Jonathan Strange & Mr. Norrell follows the story of two magicians who take it upon themselves to bring magic back to England. Magic has never left England, but it has fallen out of popularity and is feared as a result of the Raven King, the most powerful magician in history. As the two magicians come into their power, they work well together until they don’t. As they grow and learn, their priorities diverge, with one focusing on how magic can help England defeat the French and influence global politics, and the other pushing the boundaries in the pursuit of knowledge and the more obvious and practical applications of magic. The consequences of the choices they make in pursuit of their personal motivations results in dire consequences for their friends and loved ones.

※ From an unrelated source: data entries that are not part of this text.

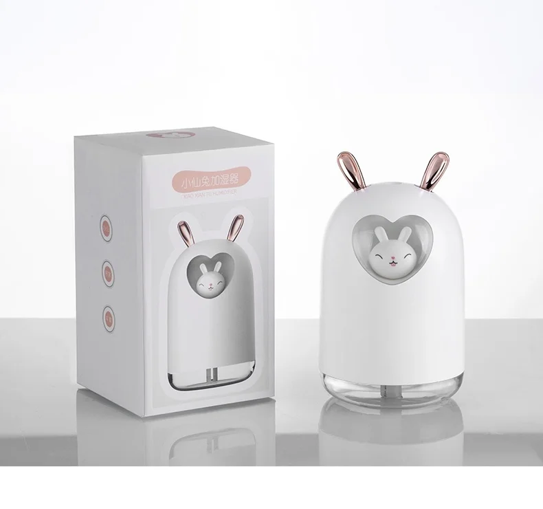 Название продукта: Восхитительный увлажнитель воздуха в виде кролика объемом 300 мл Материал: АБС + силикон + ПП Резервуар для воды: 300 мл Размер: 88*88*143 мм Цвет: белый/розовый Мощность: 1,5-2 Вт Напряжение: DC5V Выход тумана: 30-35 мл/ч Время работы: 6-12 часов
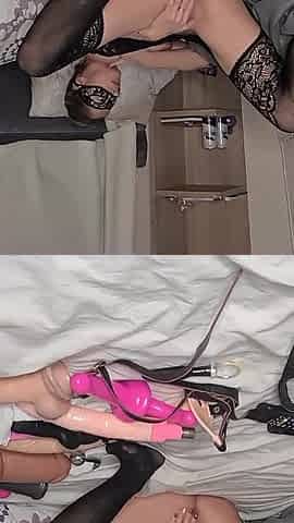 Very Horny Amateur Couple Fucking, Beautiful Bitch Enjoying Double Penetration and Fucking Machine.
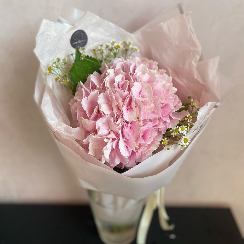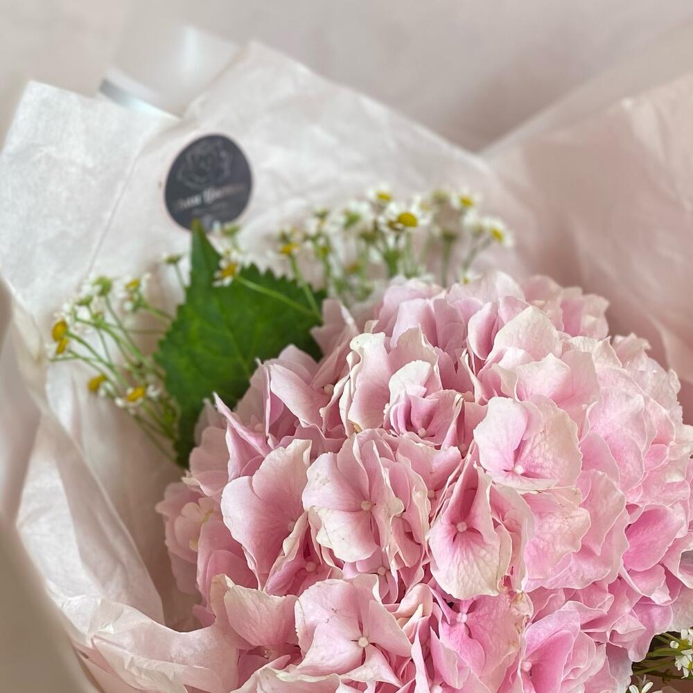 Гортензия – 1 шт.Танацетум – 4 шт.декоративная упаковка – 1 шт.Атласная лента – 1 шт.
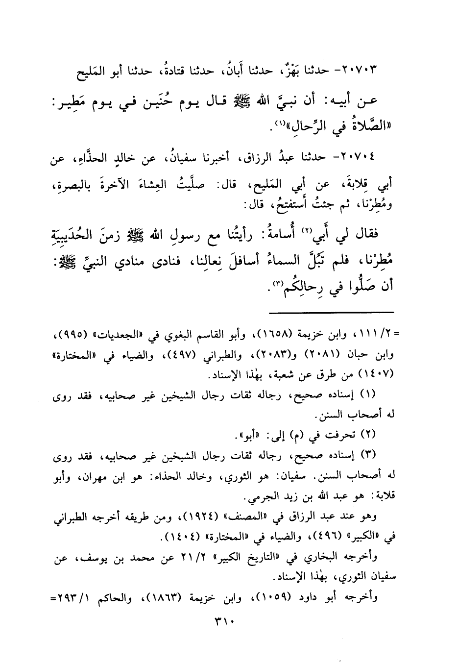 ٢٠٧٠٤ - حَدَّثَنَا عَبْدُ الرَّزَّاقِ، أَخْبَرَنَا سُفْيَانُ، عَنْ خَالِدٍ الْحَذَّاءِ، عَنْ أَبِي قِلَابَةَ، عَنْ أَبِي الْمَلِيحِ، قَالَ: صَلَّيْتُ الْعِشَاءَ الْآخِرَةَ بِالْبَصْرَةِ، وَمُطِرْنَا، ثُمَّ جِئْتُ أَسْتَفْتِحُ، قَالَ: فَقَالَ لِي أَبي (٢) أُسَامَةُ: رَأَيْتُنَا مَعَ رَسُولِ اللهِ صَلَّى اللهُ عَلَيْهِ وَسَلَّمَ زَمَنَ الْحُدَيْبِيَةِ مُطِرْنَا، فَلَمْ تَبُلَّ السَّمَاءُ أَسَافِلَ نِعَالِنَا، فَنَادَى مُنَادِي النَّبِيِّ صَلَّى اللهُ عَلَيْهِ وَسَلَّمَ: " أَنْ صَلُّوا فِي رِحَالِكُمْ " (٣)
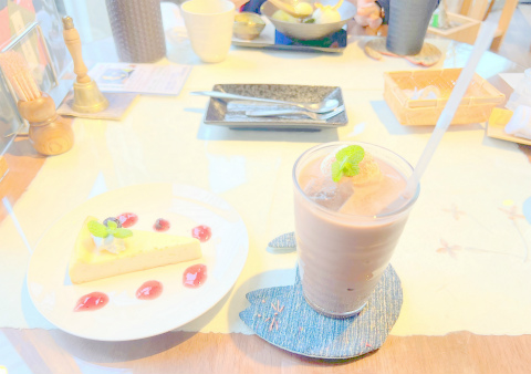 つめたいココア、アイスのせはココアの味が濃厚でアイスが程良くココアに合っておりました。チーズケーキは見映えも良く、味は甘すぎず美味しかったです。店内も落ち着いておりいい気分転換が出来ました。「甘味café 空~くう~」、機会があればまた食べに行きたいですね。ごちそうさまでした。
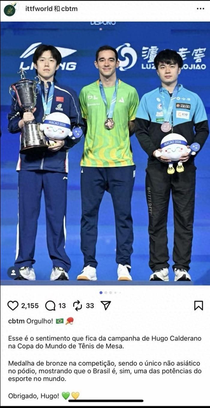 【巴西乒协官媒宣传,看上去似乎雨果才是冠军】巴西乒协官媒在宣传时,真把亚军松岛辉空直接裁掉了,照片里雨果看上去就像冠军。
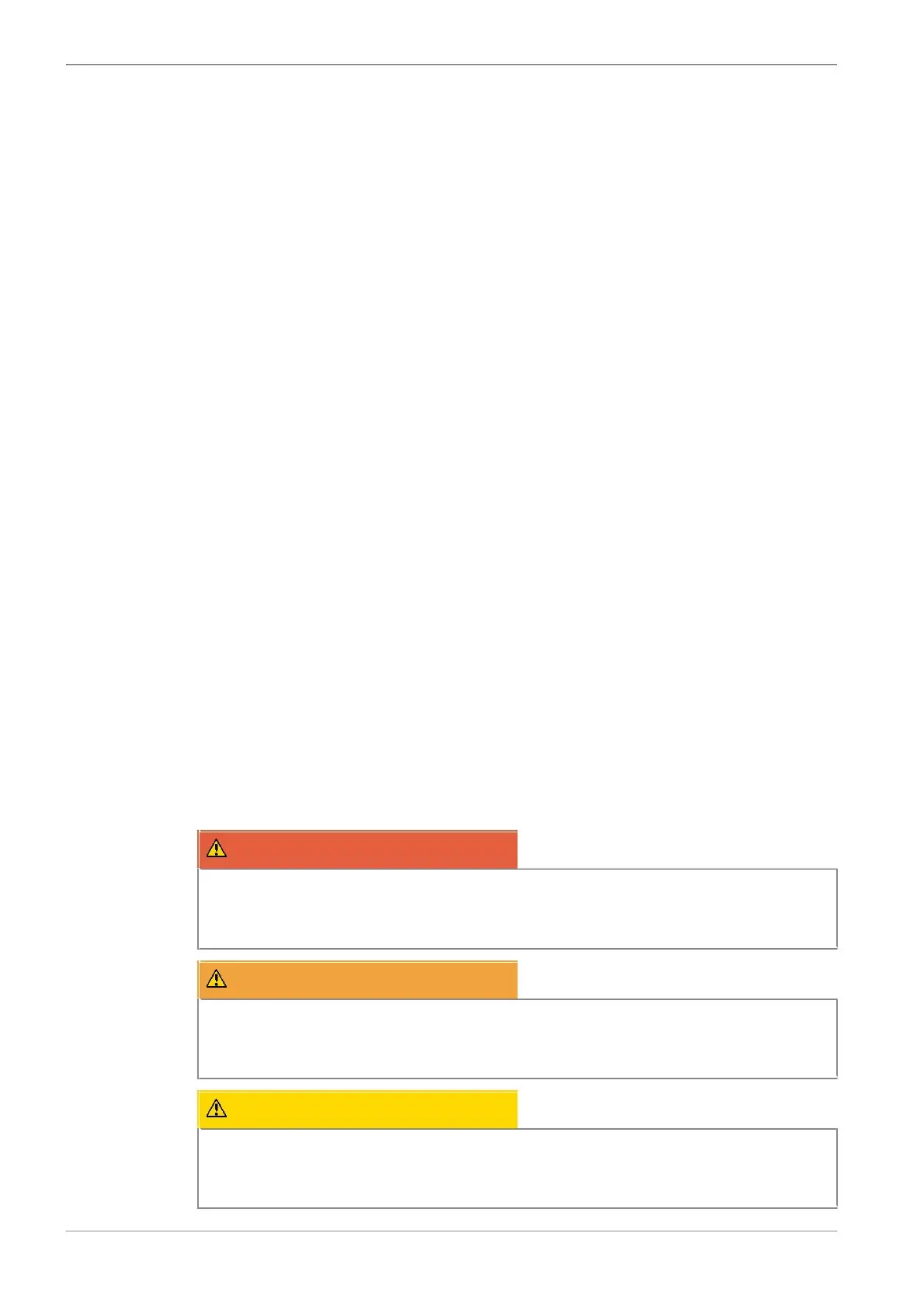 The following warning messages indicating dangerous situations and hazards are used in this doc-
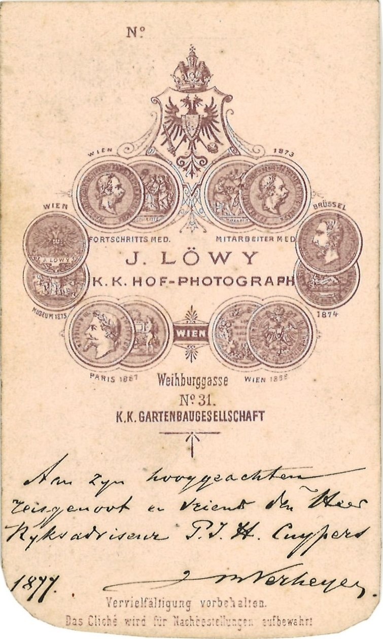 Portretfoto (carte-de-visite) van J.M. Verheijen, vriend en reisgenoot van Pierre Cuypers. Foto gemaakt in de studio J. Lowy K.K. hof-photograph te Wien.
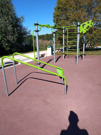 Expérience positive: Petite zone de streetworkout pour dépanner, si tu es dans la région temporairement comme moi et que tu ne veux pas rater ton entraînement. Dommage que les barres de dips sont trop espacé. Parking et base nautique a 100m
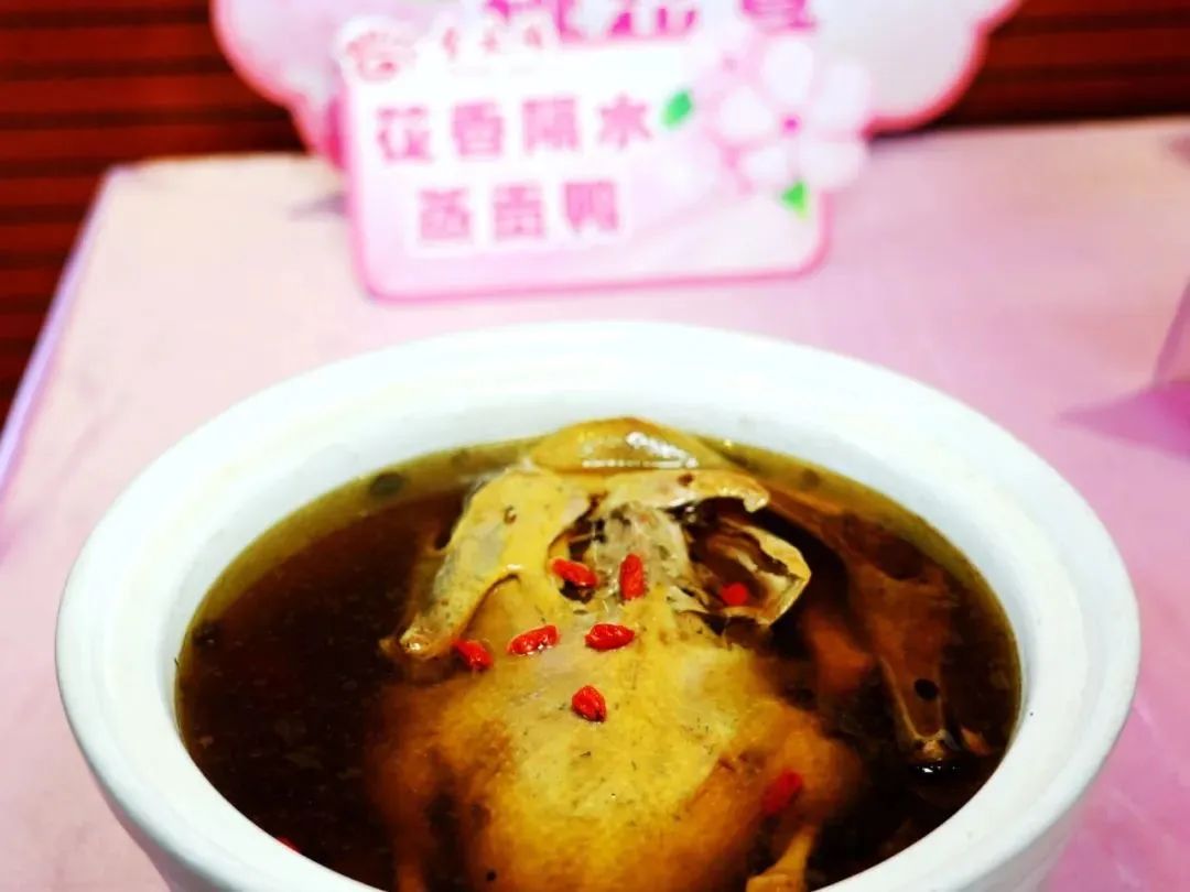 灰汤金太阳五星温泉农庄在湖南省湘菜产业促进会专家指导下,以桃花入馔、以山野为材,特邀湘菜大师团队主理,打造出独具诗意的“桃花秘境”。宴席以“四味头盘”惊艳开场:花香隔水蒸贡鸭经桃花香沁蒸制,汤清肉嫩;温泉长寿鳖肉质红润如玉,尽显养生之韵;桃花谷神仙虾缀以蒜香,寓意鸿运高升;宁乡花猪肉肥瘦相间,诠释湖湘烟火气。后续菜品更将春意融入匠心:手剥豌豆焖春鳝以山野双鲜共舞,玉露桃胶水晶鸡以千年温泉水慢炖出滋补至味,贡椒清蒸翘嘴鱼以非遗黄贡椒点睛鲜麻,笋香农家土腊肉则串联冬藏春发的乡愁记忆。压轴的蒿子粑粑、桃花油菜心等山野清味,更以素雅之姿唤醒春日味蕾。

So all of that sounds exciting except it’s not. I stuck with this book, the funny and interesting chapters pulling me along just enough to help me grind through the political chapters with the Duke of what’s-it and Lord who-gives-a-fuck. The funniest part of the entire book involves a lesson in why you should not mix untested spells with dead enemy soldiers.
The good: It was a silly but dense read. At times I found the stories in the footnotes more entertaining than anything either of the magicians were doing.
The bad: It is not a world I wish to return to. The most interesting characters ended up dead, entrapped, driven mad, or left on the side of the road metaphorically, lost among the winding and utterly boring lives of the titular magicians.